■ Problem details: Copy exactly, and only, the lines between the start of the entries below and the line containing "矢田石材店は、以下のような体制でお客様をサポートしています。", both inclusive. Omit pictures.

BEGIN

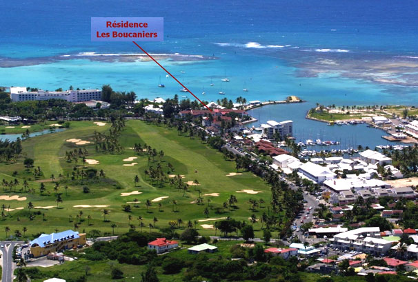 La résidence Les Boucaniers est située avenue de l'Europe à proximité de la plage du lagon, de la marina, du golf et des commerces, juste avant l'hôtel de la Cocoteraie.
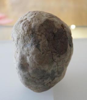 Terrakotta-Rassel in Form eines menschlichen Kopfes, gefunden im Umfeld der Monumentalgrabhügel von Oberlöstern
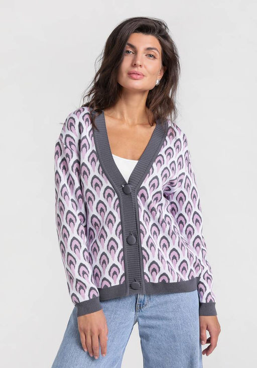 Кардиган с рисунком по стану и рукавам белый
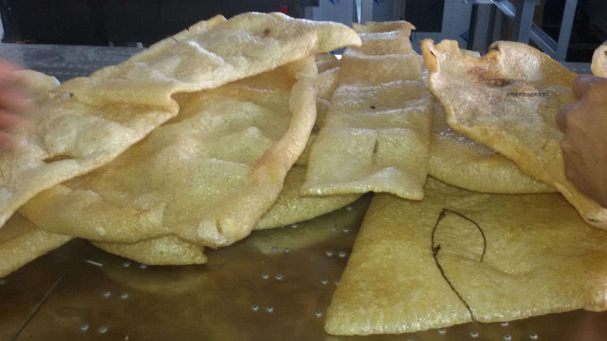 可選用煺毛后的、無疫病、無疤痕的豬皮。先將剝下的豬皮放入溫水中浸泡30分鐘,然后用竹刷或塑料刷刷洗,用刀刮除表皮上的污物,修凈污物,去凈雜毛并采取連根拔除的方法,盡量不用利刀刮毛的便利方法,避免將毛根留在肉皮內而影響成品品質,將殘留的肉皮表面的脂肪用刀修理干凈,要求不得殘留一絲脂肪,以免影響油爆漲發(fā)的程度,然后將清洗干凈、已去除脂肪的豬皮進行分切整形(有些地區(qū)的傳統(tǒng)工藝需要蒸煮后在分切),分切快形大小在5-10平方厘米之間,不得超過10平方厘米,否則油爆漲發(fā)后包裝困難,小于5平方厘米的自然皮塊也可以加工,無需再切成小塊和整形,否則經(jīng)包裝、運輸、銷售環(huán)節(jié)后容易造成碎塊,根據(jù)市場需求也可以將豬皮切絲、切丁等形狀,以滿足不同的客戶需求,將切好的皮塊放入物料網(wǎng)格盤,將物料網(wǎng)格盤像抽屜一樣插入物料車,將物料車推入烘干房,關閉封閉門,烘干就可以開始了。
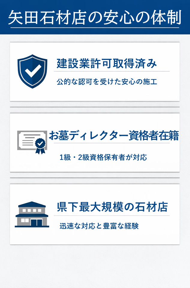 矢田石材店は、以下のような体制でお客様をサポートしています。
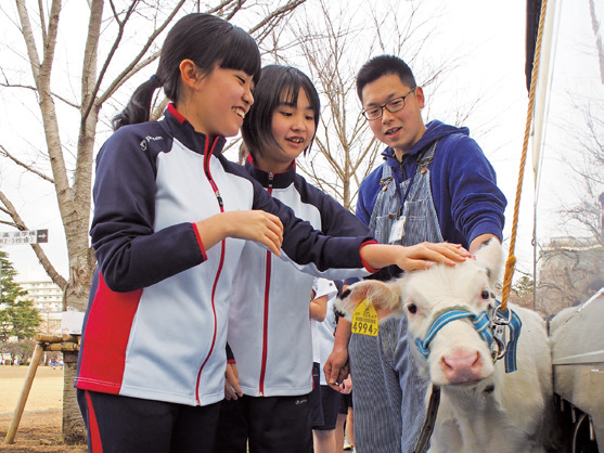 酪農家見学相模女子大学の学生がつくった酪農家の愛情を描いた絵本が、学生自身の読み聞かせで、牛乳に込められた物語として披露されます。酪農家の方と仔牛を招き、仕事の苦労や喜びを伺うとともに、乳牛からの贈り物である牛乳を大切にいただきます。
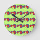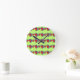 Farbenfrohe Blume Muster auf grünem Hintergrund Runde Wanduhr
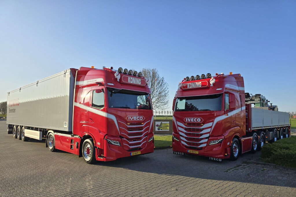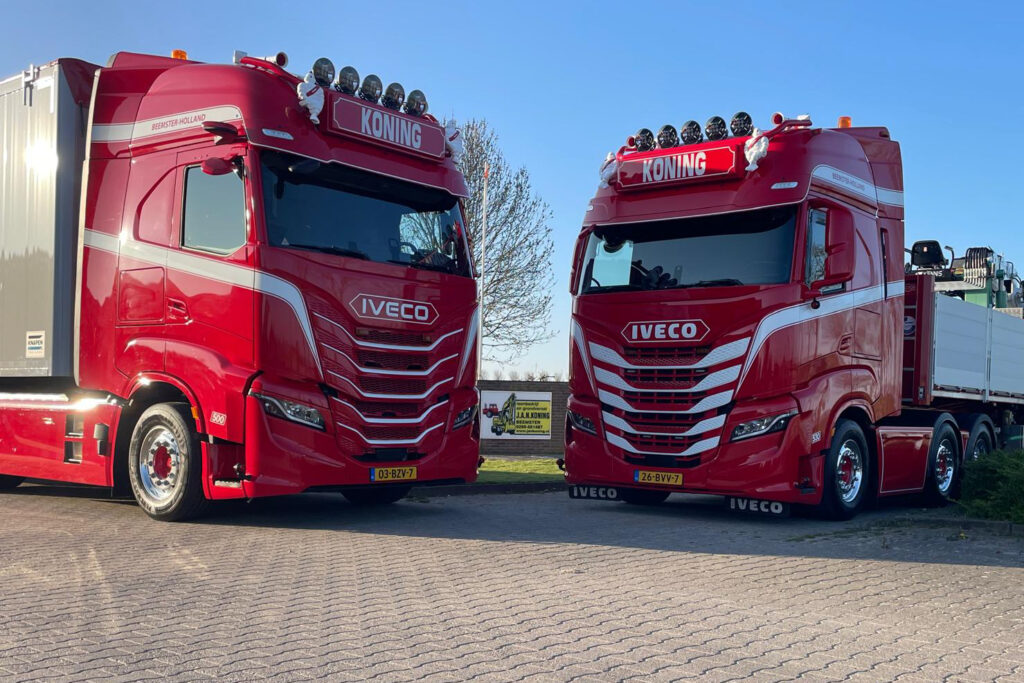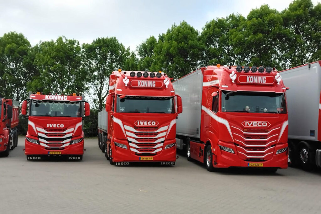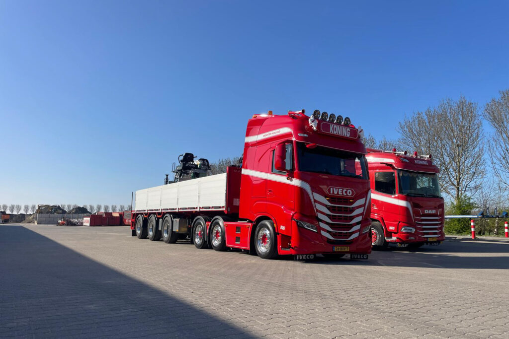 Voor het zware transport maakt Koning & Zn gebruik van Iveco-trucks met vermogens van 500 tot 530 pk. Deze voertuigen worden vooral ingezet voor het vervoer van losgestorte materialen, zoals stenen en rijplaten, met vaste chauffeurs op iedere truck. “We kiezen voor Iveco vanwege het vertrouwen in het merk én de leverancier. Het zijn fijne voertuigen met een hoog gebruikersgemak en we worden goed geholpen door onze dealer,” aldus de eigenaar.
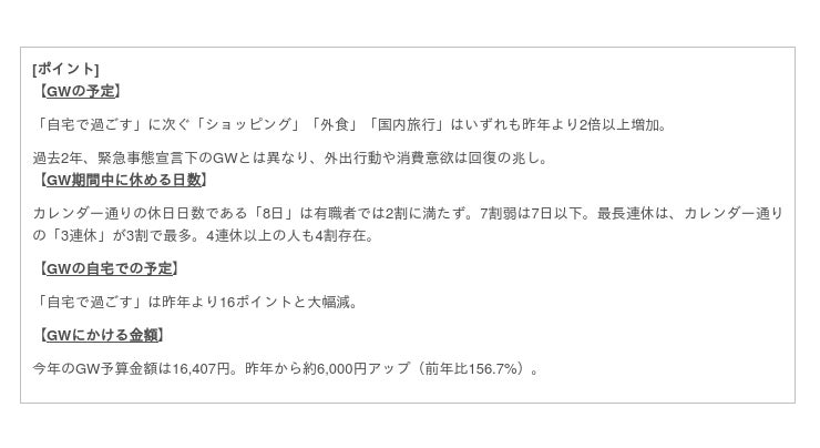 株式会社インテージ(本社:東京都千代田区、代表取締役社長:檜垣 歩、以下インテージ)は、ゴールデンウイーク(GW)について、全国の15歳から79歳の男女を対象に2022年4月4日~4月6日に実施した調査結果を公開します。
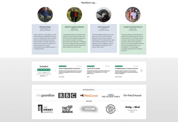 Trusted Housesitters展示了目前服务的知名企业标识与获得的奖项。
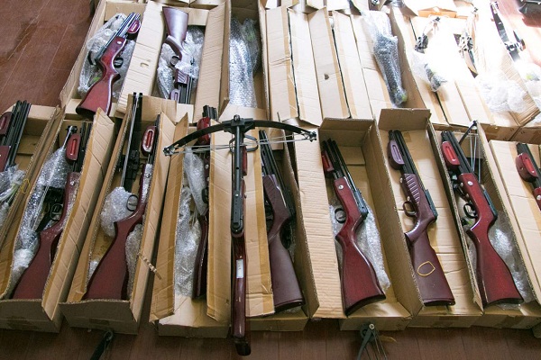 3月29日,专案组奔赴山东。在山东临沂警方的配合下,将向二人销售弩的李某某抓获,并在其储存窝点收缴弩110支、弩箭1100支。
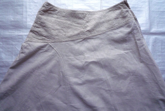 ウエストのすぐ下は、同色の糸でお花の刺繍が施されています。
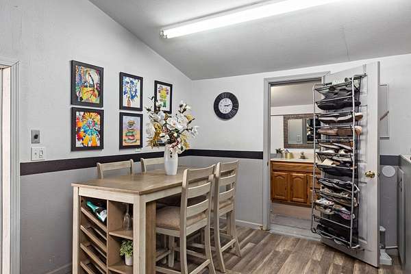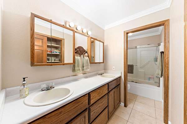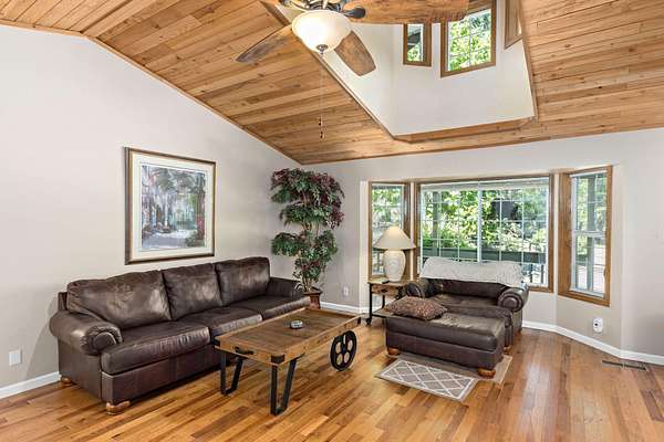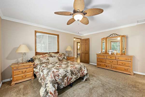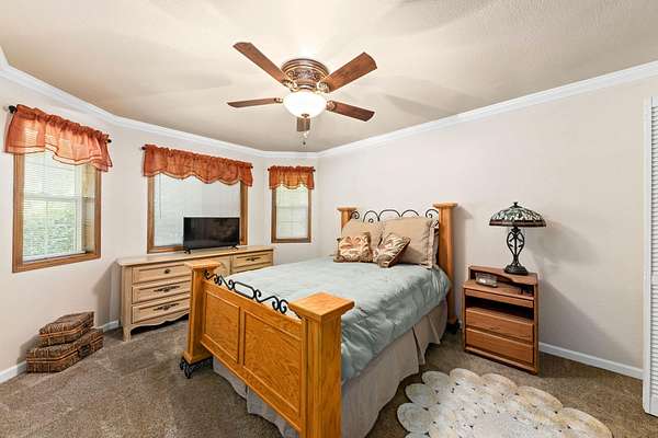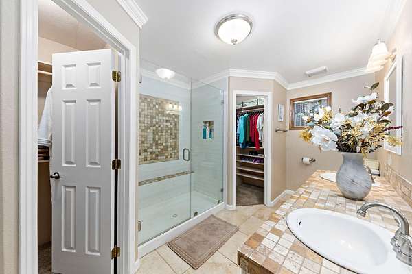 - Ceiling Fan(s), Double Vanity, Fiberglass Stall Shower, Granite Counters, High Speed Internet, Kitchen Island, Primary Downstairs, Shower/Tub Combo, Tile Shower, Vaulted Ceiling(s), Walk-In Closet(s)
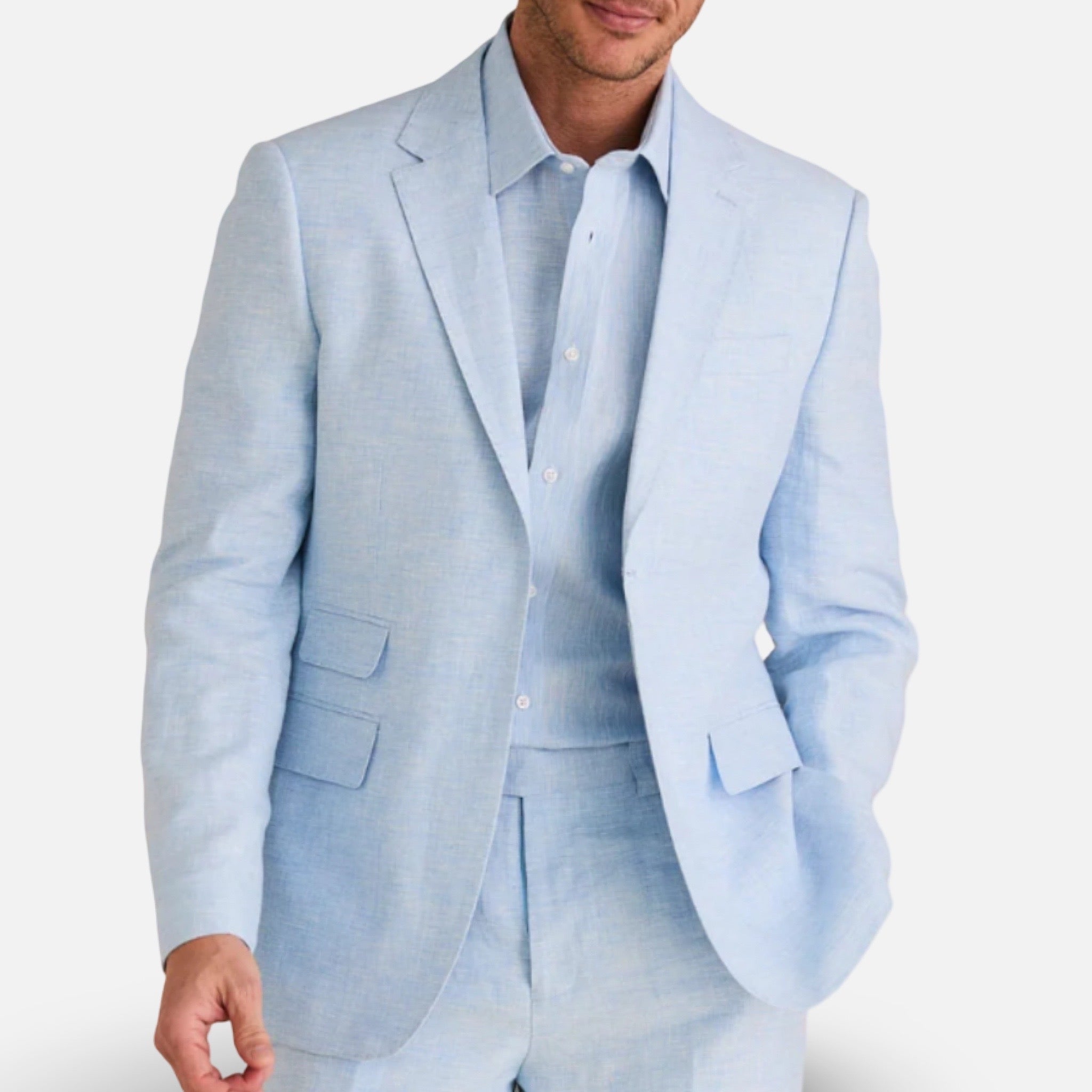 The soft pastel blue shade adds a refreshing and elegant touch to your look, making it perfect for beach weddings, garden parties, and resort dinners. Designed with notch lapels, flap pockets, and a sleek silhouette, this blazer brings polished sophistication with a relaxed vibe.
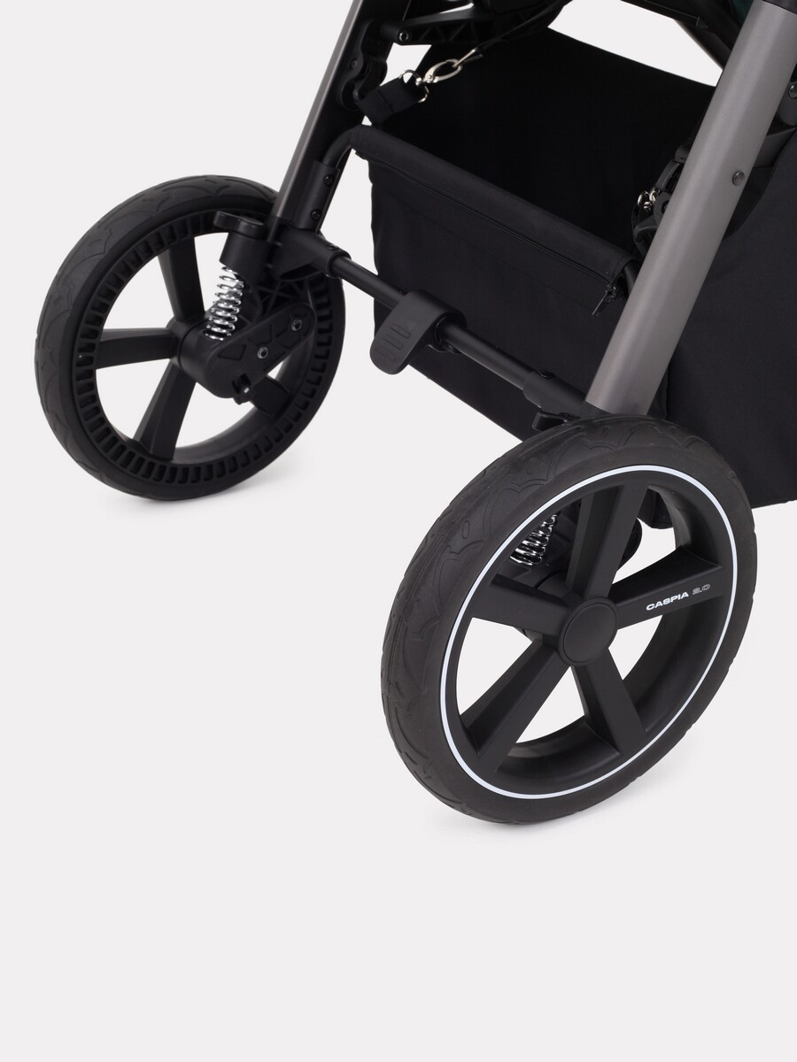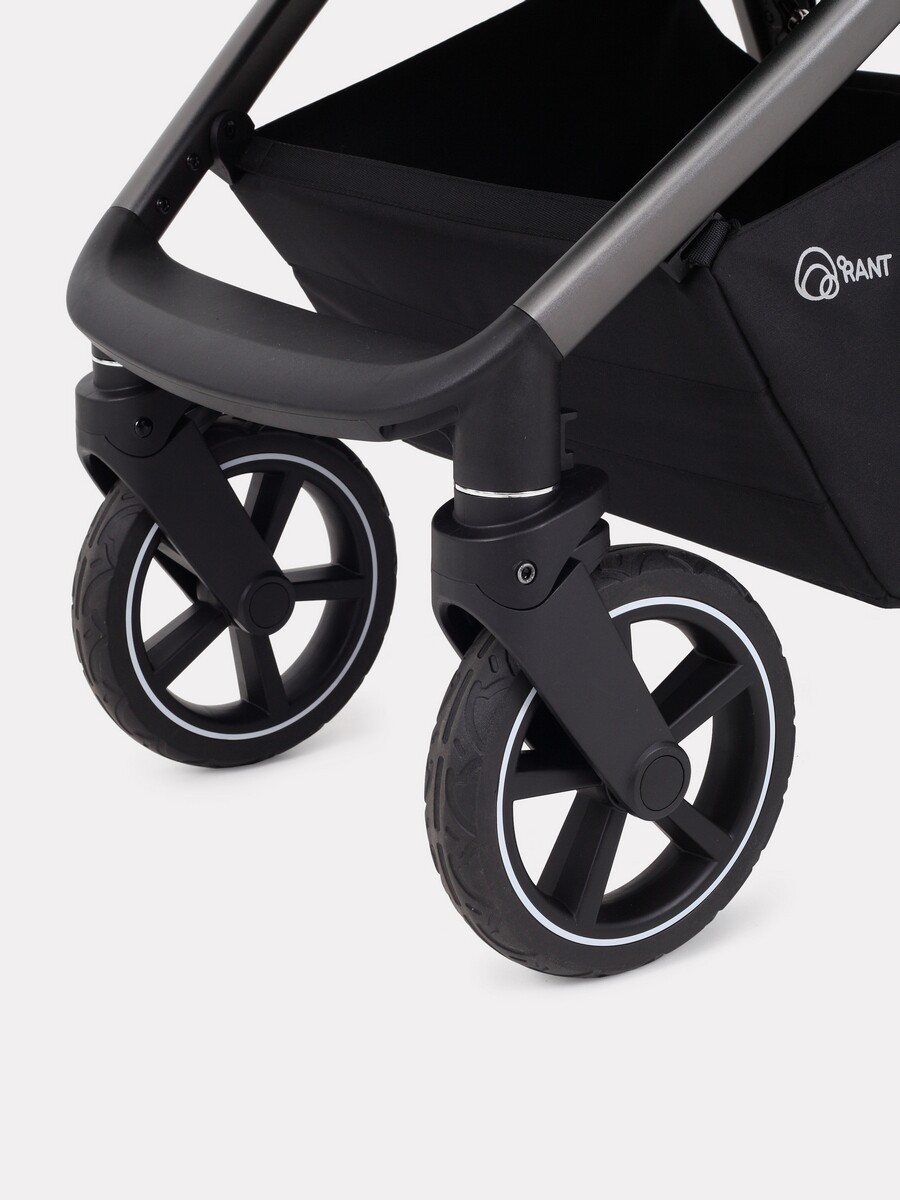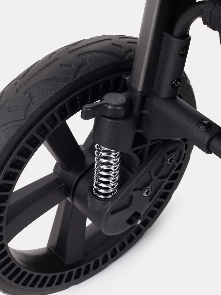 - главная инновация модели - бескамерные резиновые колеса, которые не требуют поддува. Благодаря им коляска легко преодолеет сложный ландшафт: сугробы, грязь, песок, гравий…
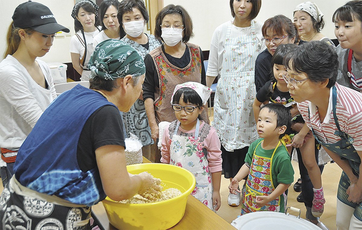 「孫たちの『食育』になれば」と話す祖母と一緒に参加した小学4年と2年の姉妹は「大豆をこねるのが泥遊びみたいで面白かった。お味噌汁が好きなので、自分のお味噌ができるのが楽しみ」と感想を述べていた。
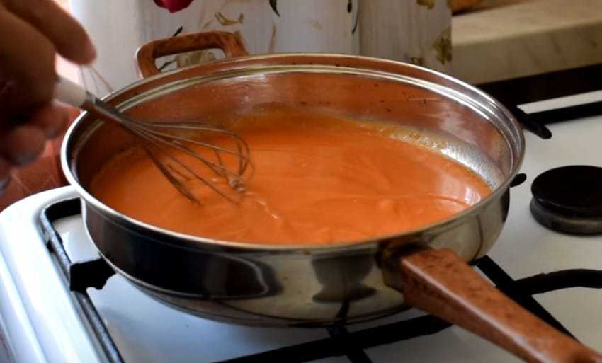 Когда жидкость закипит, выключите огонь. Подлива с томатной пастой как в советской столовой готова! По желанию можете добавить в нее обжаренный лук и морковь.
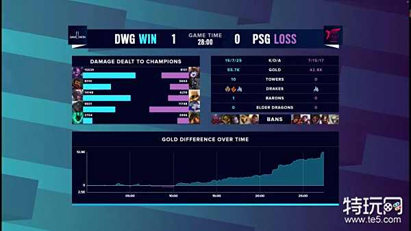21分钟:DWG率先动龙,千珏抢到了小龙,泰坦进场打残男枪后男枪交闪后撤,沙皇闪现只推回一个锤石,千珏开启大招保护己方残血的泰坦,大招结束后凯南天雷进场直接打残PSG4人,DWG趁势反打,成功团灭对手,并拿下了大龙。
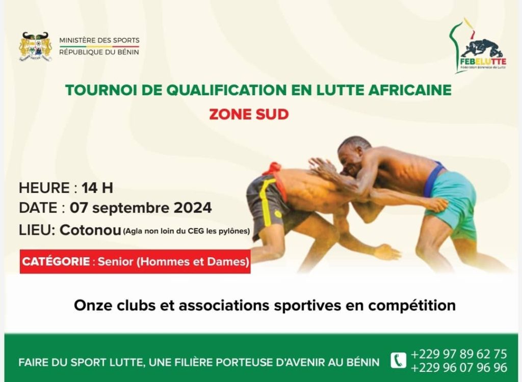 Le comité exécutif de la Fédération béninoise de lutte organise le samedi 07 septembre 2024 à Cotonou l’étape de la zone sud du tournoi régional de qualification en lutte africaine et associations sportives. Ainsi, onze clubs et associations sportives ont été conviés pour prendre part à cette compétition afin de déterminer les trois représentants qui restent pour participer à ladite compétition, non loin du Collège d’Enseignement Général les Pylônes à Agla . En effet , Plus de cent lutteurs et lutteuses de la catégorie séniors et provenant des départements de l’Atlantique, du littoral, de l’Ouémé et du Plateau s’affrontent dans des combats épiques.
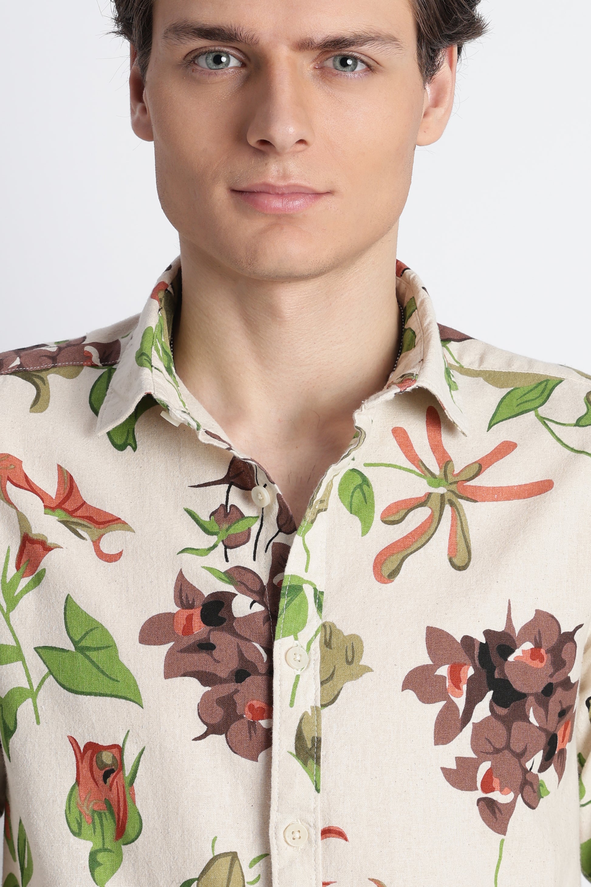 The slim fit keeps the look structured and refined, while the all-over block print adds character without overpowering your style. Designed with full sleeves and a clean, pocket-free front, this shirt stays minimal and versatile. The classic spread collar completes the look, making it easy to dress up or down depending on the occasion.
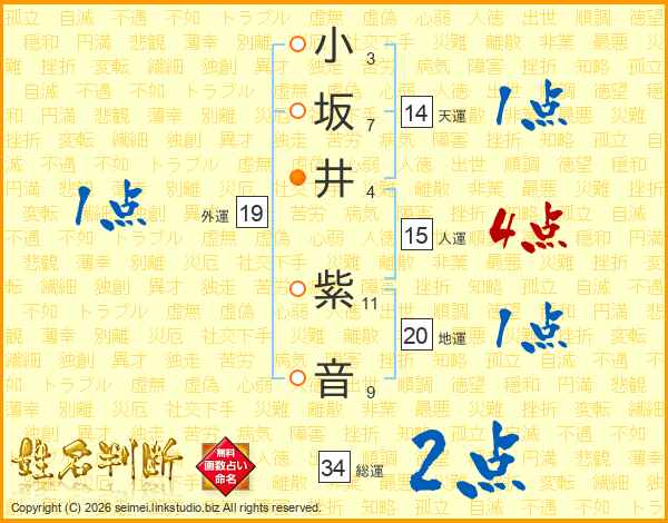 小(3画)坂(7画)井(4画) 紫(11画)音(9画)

END

■ Result:
 La résidence Les Boucaniers est située avenue de l'Europe à proximité de la plage du lagon, de la marina, du golf et des commerces, juste avant l'hôtel de la Cocoteraie.
 Terrakotta-Rassel in Form eines menschlichen Kopfes, gefunden im Umfeld der Monumentalgrabhügel von Oberlöstern
 Кардиган с рисунком по стану и рукавам белый
 可選用煺毛后的、無疫病、無疤痕的豬皮。先將剝下的豬皮放入溫水中浸泡30分鐘,然后用竹刷或塑料刷刷洗,用刀刮除表皮上的污物,修凈污物,去凈雜毛并采取連根拔除的方法,盡量不用利刀刮毛的便利方法,避免將毛根留在肉皮內而影響成品品質,將殘留的肉皮表面的脂肪用刀修理干凈,要求不得殘留一絲脂肪,以免影響油爆漲發(fā)的程度,然后將清洗干凈、已去除脂肪的豬皮進行分切整形(有些地區(qū)的傳統(tǒng)工藝需要蒸煮后在分切),分切快形大小在5-10平方厘米之間,不得超過10平方厘米,否則油爆漲發(fā)后包裝困難,小于5平方厘米的自然皮塊也可以加工,無需再切成小塊和整形,否則經(jīng)包裝、運輸、銷售環(huán)節(jié)后容易造成碎塊,根據(jù)市場需求也可以將豬皮切絲、切丁等形狀,以滿足不同的客戶需求,將切好的皮塊放入物料網(wǎng)格盤,將物料網(wǎng)格盤像抽屜一樣插入物料車,將物料車推入烘干房,關閉封閉門,烘干就可以開始了。
 矢田石材店は、以下のような体制でお客様をサポートしています。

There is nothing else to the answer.